For travelers with autism and other developmental disabilities, Royal Caribbean offers personalized karaoke and group tours. Accommodation of dedicated cruises in collaboration with Autism on the seas, an international organization dedicated to making vacations fun and accessible for people with autism and other related disabilities.

The Cruise Line Industry Association (CLIA), a global trade association for the cruise industry, has worked closely with the International Maritime Organization since the 1970s to create a regulatory framework for passenger ships to accommodate people. with disabilities, a CLIA spokesperson said.

For some reason, perhaps due to a lack of resources to travel or past bad experiences, many members of the disability community rely on word of mouth or known companies to meet their needs. Others search the internet, so it’s important to make the accessible information provided by a business easy to find.

Certifications are an effective way to show clients and investors that you are committed to inclusiveness and that you have the appropriate training to better serve the disability community. The trend seems to be generalizing in the cruise industry, museums and attractions.

For example, Celebrity Cruises and Royal Caribbean are certified by the Autism on the Seas Foundation Standard and Certification Program for Autistic Cruise Lines.

Certified at Silver training level, the foundation’s second level of training, according to its website, Celebrity Cruises and Royal Caribbean youth staff on departing North American fleets have basic autism awareness training. and other developmental disorders.

On the other hand, Carnival Cruise Line has chosen a different route for certification. It is the only cruise company to be certified “sensory inclusive” thanks to its partnership with CultureCity, a US-based non-profit organization that serves the accessibility needs of all people with sensory disabilities, including military veterans with post-traumatic stress disorder.

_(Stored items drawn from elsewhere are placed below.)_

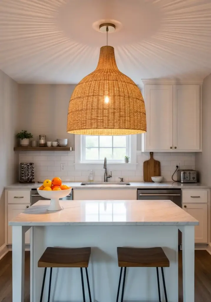 The oversized rattan pendant is the specific light fitting that creates the most beautifully warm and the most completely atmospheric statement in a small kitchen — because rattan’s natural fiber construction creates the most organic, most warm, and most completely inviting pendant form available, casting a specific quality of warm, dappled light through its woven structure that no glass or metal alternative can replicate with the same quality of organic, filtered warmth. The rattan pendant’s scale, which appears generously large against the small kitchen’s dimensions, paradoxically makes the kitchen feel more spatially generous rather than more cramped — the large pendant drawing the eye upward and making the vertical dimension above the counter feel abundant and architecturally significant.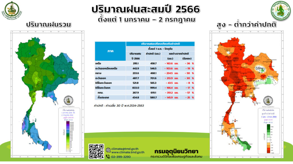 ผลตรวจวัดปริมาณฝนตั้งแต่วันที่ 1 มกราคมถึง 2 กรกฎาคม 2566 พบว่า ปริมาณฝนทั่วประเทศต่ำกว่าค่าปกติ 25% แต่หากพิจารณาตามรายภาคพบว่า กทม. และปริมณฑลต่ำกว่าค่าปกติ 57% ขณะที่ภาคกลางน่าเป็นห่วง ปริมาณฝนต่ำกว่าค่าปกติถึง 50% รองลงมาคือ ภาคเหนือซึ่งต่ำกว่าค่าปกติ 36% ภาคตะวันออกต่ำกว่าค่าปกติ 30% ภาคตะวันออกเฉียงเหนือต่ำกว่าค่าปกติ 19% ภาคใต้ฝั่งตะวันตกต่ำกว่าค่าปกติ 17% และภาคใต้ฝั่งตะวันออกต่ำกว่าค่าปกติ 8%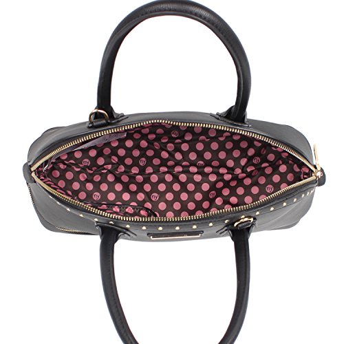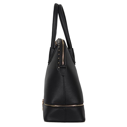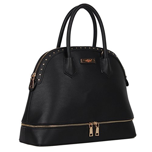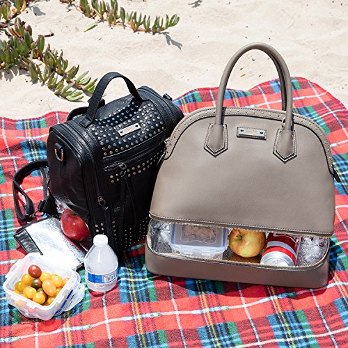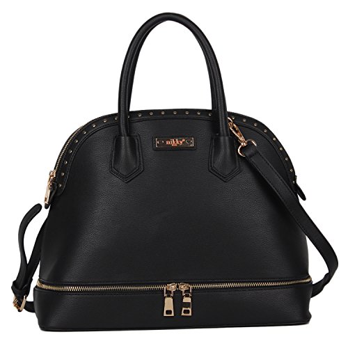 Studio : Nicole Lee Publisher : Nicole Lee Binding : Apparel Product Description Feel stylish and prepared with this 2-in-1 Nikky Sidra dome bag that doubles as a lunch bag. Exterior Features: Made of high quality eco-leather. Zipper closure for main and bottom compartment. Tarnish free studded hardware. Includes signature Nikky logo nameplate. Flat base for structure. Dual eco-leather handles with a 4.4" drop. Optional, adjustable strap extending 40"-45". Interior Features: One large main compartment with zip and slip pockets. Lined with the signature nylon Nikky polka dot print. Insulated bottom compartment for food storage, Includes a food container that fits perfectly in the bottom compartment. For cleaning, wipe with damp cloth. 0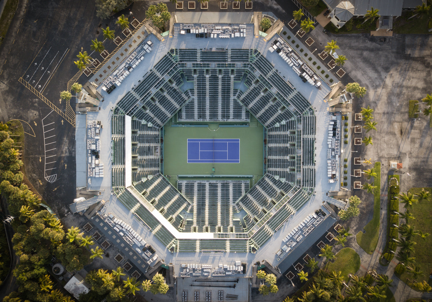 A topdown drone shot of Tennis Stadium located in Key Biscane, Miami, Florida.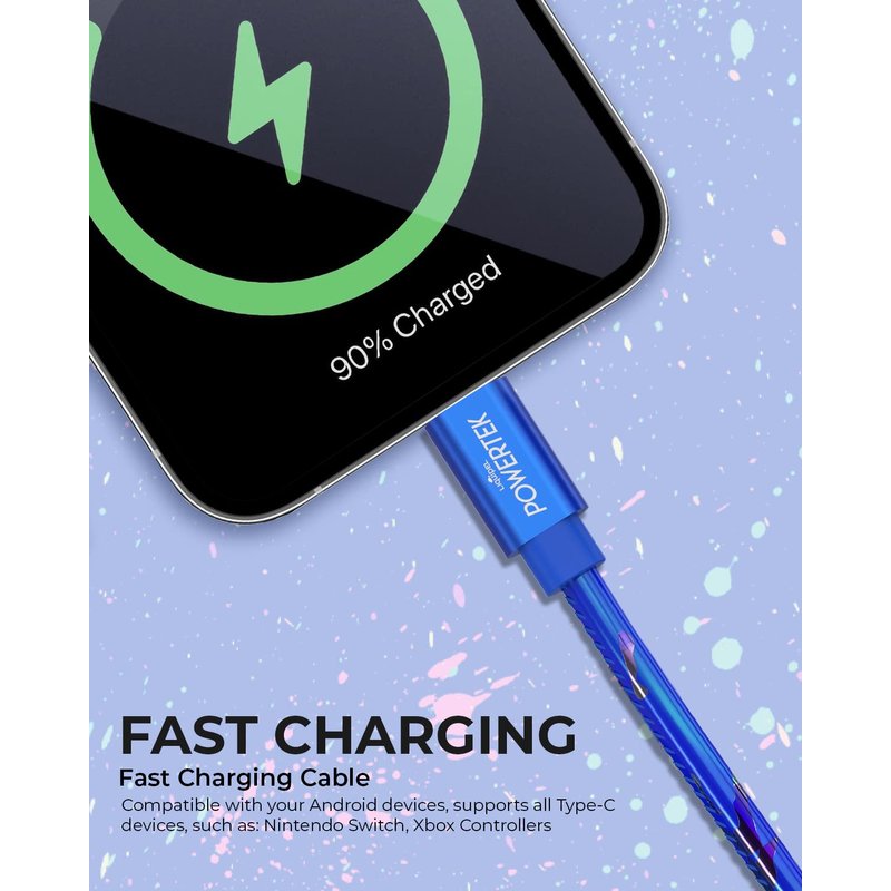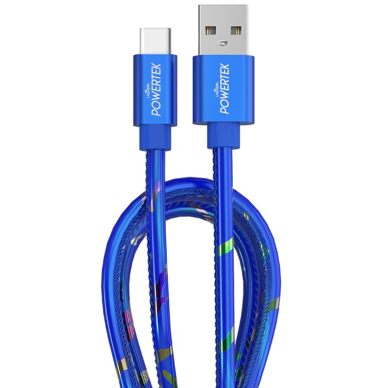 LIQUIPEL Powertek Type-C Fast Charger Cable, 6ft USB-C for Galaxy, Note, Tab, MacBook, Neon Party (Blue)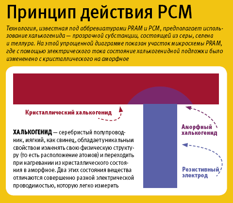 А между тем в мире появилась новая твердотельная технология — память на основе фазовых состояний. Эта технология, известная под аббревиатурами PRAM и PCM, предполагает использование халькогенида — прозрачной субстанции, состоящей из серы, селена и теллура. Серебристый полупроводник, мягкий, как свинец, обладает уникальным свойством изменять свою физическую структуру (то есть расположение атомов) и переходить при нагревании из кристаллического состояния в аморфное. Два этих состояния вещества отличаются совершенно разной электрической проводимостью, которую легко измерить. Таким образом, халькогенид превращается в идеальный материал для хранения данных.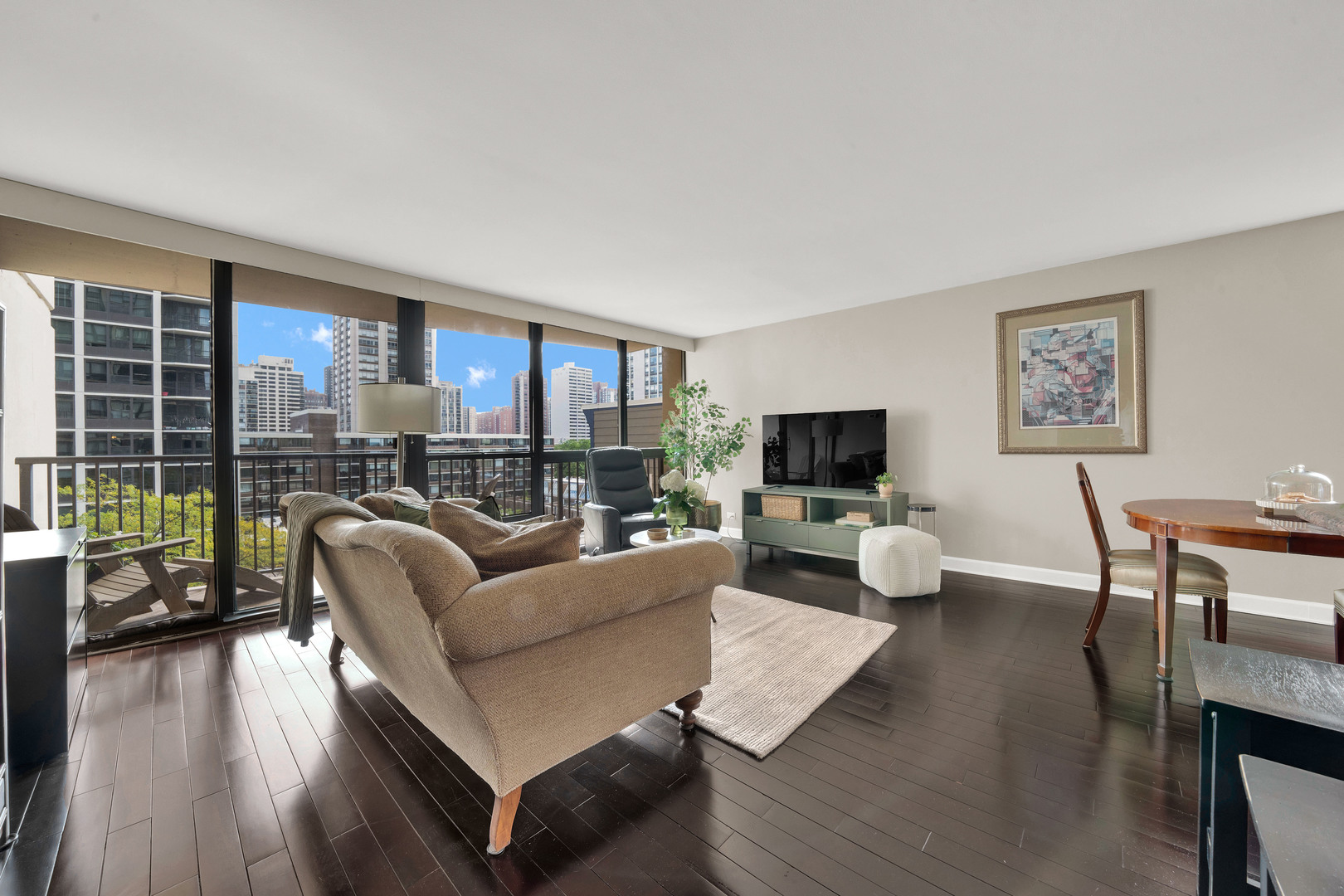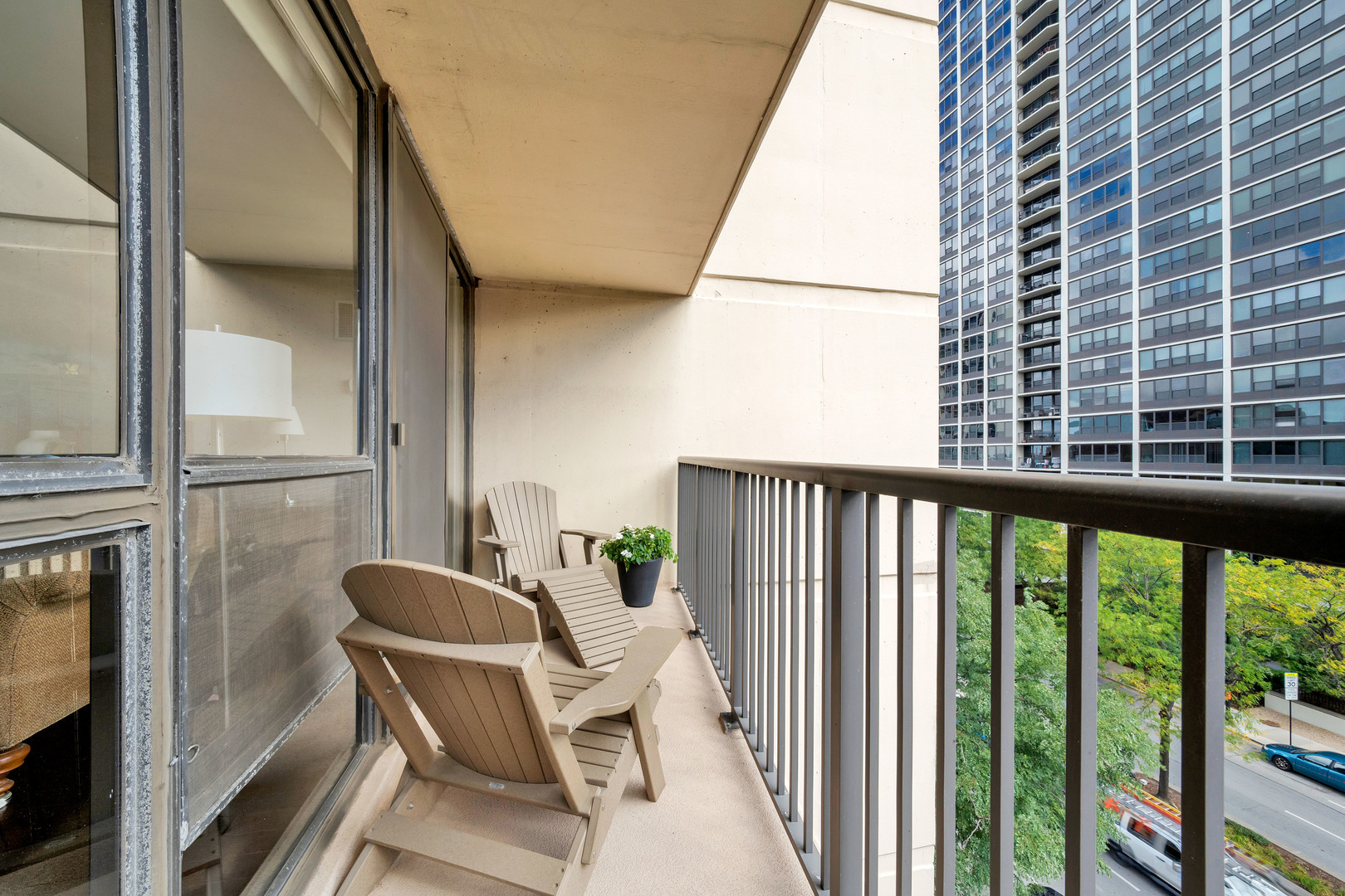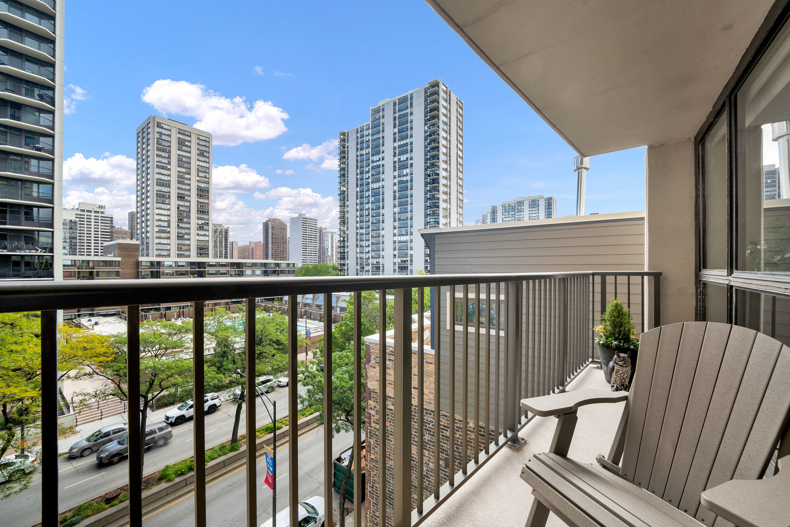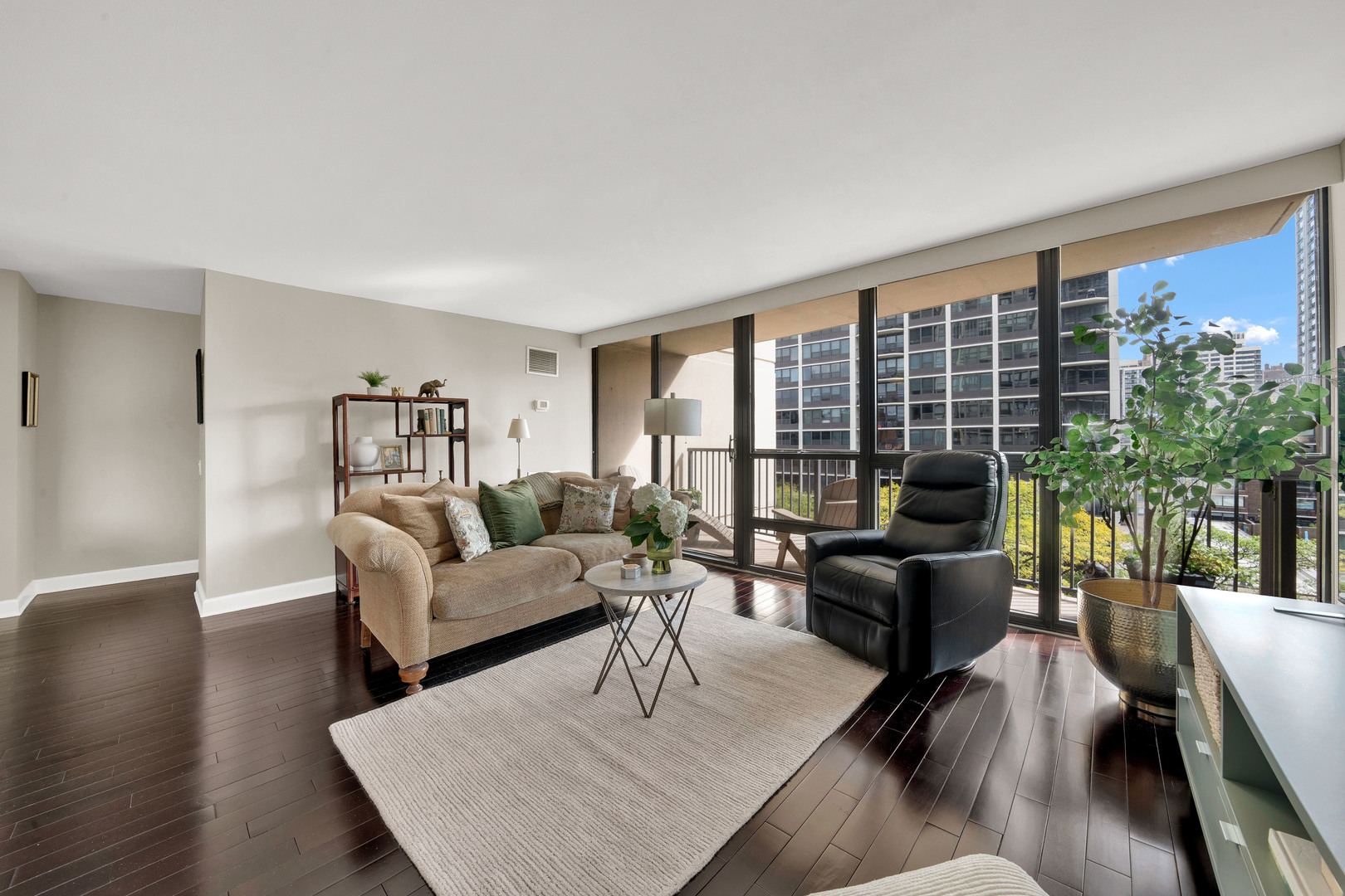 Offers have been received. Final and best offers should be submitted by 5 pm today, Monday, Sept. 29, 2025. Welcome to this bright and spacious southeast corner one-bedroom condo, perfectly situated at the crossroads of Old Town, Lincoln Park, and the Gold Coast. Floor-to-ceiling windows flood the home with natural light, highlighting the open layout and warm hardwood floors. Step onto the east-facing balcony for your morning coffee or evening wind-down while taking in city views. This condo offers organized closets throughout, shades for all windows, plus electronically controlled blackout shades in the bedroom for a restful night’s sleep. The kitchen is designed for both style and function with granite countertops, stainless steel appliances, a breakfast bar, and cabinetry that extends into the dining area for added storage. The updated bathroom features a walk-in shower and the convenience of an in-unit washer and dryer. The well-managed, pet-friendly building provides evening door staff, a daytime engineer, a fitness center, and laundry facilities. Monthly assessments include heat, A/C, water, internet, and cable. First-floor indoor parking (space #27) is included, and membership at the Sandburg Village pool is available. With parks, restaurants, the lakefront, and public transit just steps away, this is city living at its best.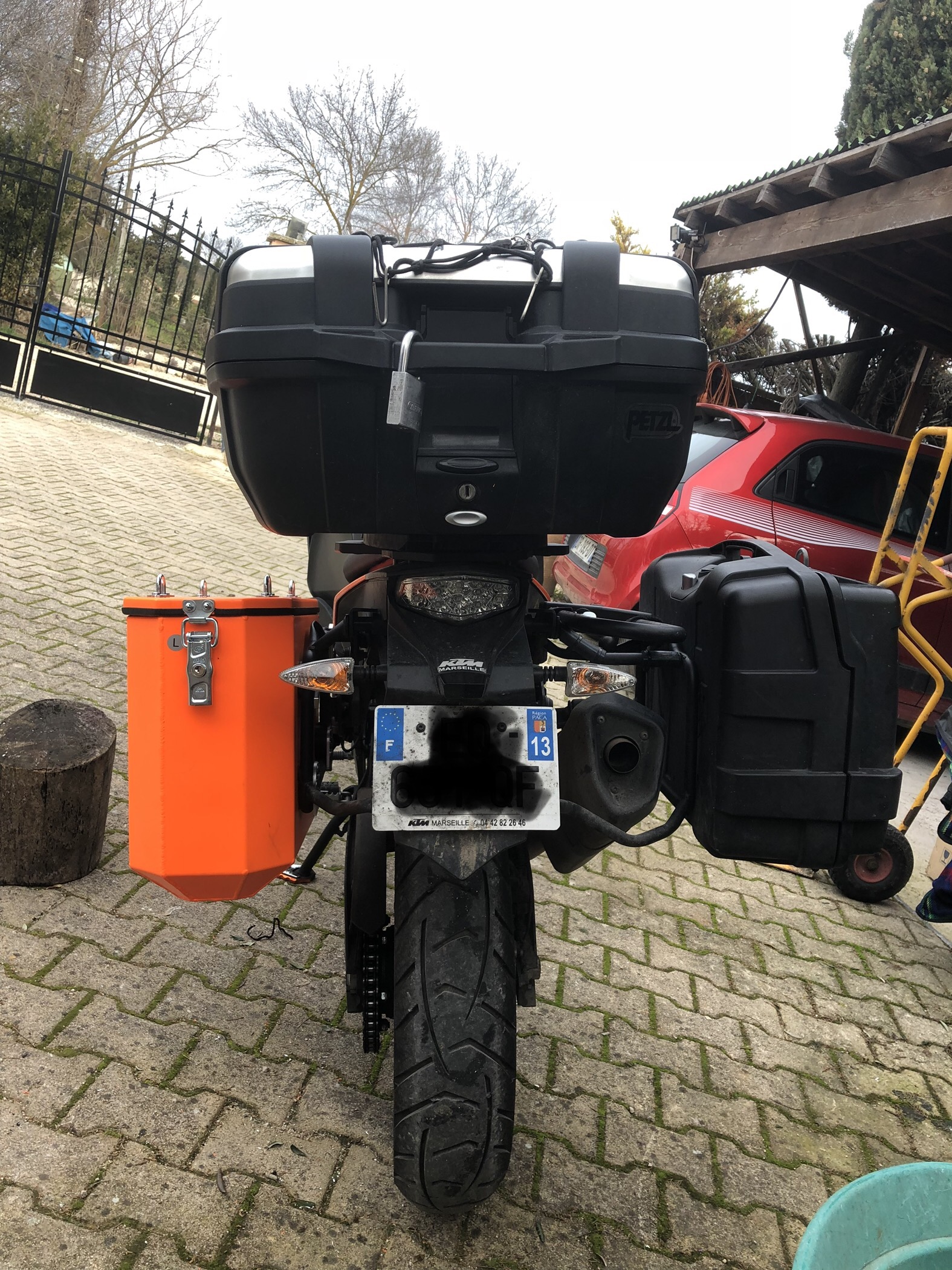Mais ce pot ! Pour celui qui laisse les valises en permanence, les fabricants pourraient pas proposer (option) un pot en-dessous, pour coller la valise à la moto ? Ça me paraît aussi inadapté à la route que les chambres à air des AT...

“One in six people have a sensory need and often face social isolation. We believe in making the ‘never’ possible and ensuring that people with sensory needs are accepted and included in the community – that means cafes, restaurants, concerts, sporting events and travel ”, said Uma Srivastava, Executive Director of KultureCity.

In addition to a list of services, including an on-demand personal safety briefing and a KultureCity sensory bag filled with essentials to calm and relax a traveler with a sensory disability, Carnival offers additional accommodations for guests who are deaf, hard of hearing, blind. or visually impaired. A glance at KultureCity’s interactive ‘Sensory Inclusive’ map shows that Carnival currently has 23 vessels out of 24 in its fleet that are Sensory Inclusive certified.

Many theme parks, including popular destinations like Walt Disney World, Disneyland, and Universal, offer accommodations, breakout rooms, or planning guides for clients with sensory disabilities. Sesame Place and Sea World are among five theme parks in the United States and the Kizmondo Covered in Doha, Qatar, currently centers certified for autism by IBCCES.

Marlene Valle, a deaf traveler who gave a presentation at the Skift Global Forum in September, was right when she said accessible travel is a human right and should not be ticked off a list.

While this is a start for increased inclusion, travel professionals should and must do more to include the portion of the population with sensory disabilities and make this information visible and easy to find on websites for consumers.